Problem to solve
Give again only the lines from the line that holds "A delicate bouquet" to the end of the data, inclusive, omitting all pictures.

Stored entries:
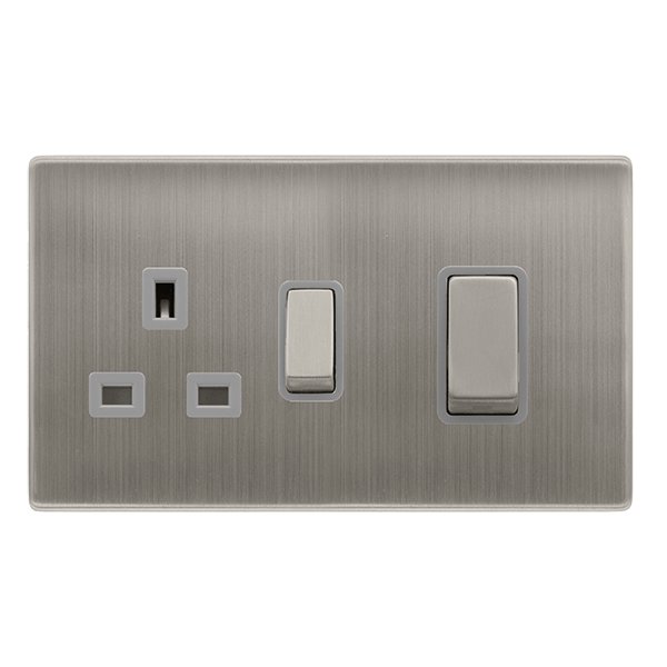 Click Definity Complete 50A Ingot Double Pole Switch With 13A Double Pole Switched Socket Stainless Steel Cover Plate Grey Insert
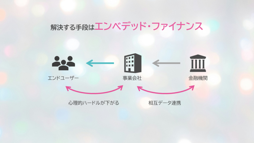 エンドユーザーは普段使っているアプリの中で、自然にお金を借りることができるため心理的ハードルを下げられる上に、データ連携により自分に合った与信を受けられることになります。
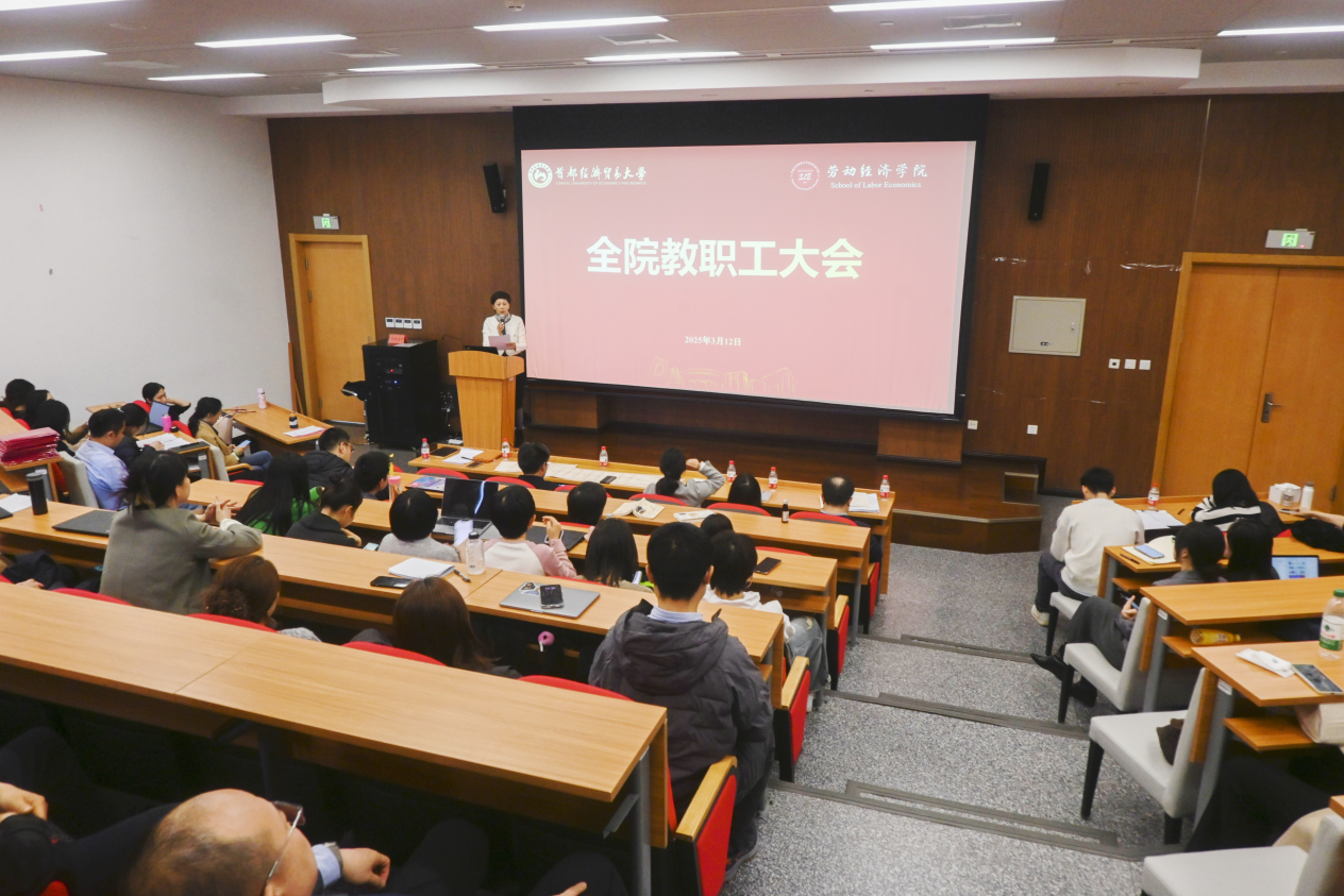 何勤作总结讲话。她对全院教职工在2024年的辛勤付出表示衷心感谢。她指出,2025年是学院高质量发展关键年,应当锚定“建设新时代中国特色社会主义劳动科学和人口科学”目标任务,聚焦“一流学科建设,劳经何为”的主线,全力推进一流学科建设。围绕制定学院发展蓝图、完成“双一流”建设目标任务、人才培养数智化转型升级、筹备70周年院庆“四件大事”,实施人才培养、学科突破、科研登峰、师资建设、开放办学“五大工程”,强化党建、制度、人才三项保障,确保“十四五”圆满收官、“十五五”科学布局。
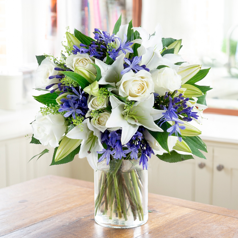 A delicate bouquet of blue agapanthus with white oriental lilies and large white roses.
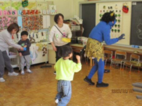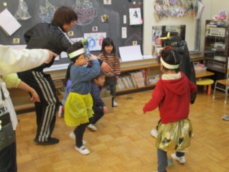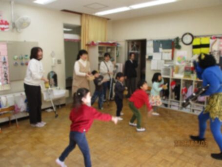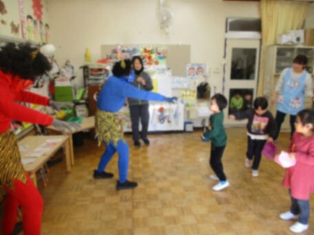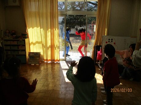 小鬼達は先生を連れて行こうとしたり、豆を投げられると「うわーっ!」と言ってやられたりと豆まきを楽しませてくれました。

Answer to the exercise
 A delicate bouquet of blue agapanthus with white oriental lilies and large white roses.
 小鬼達は先生を連れて行こうとしたり、豆を投げられると「うわーっ!」と言ってやられたりと豆まきを楽しませてくれました。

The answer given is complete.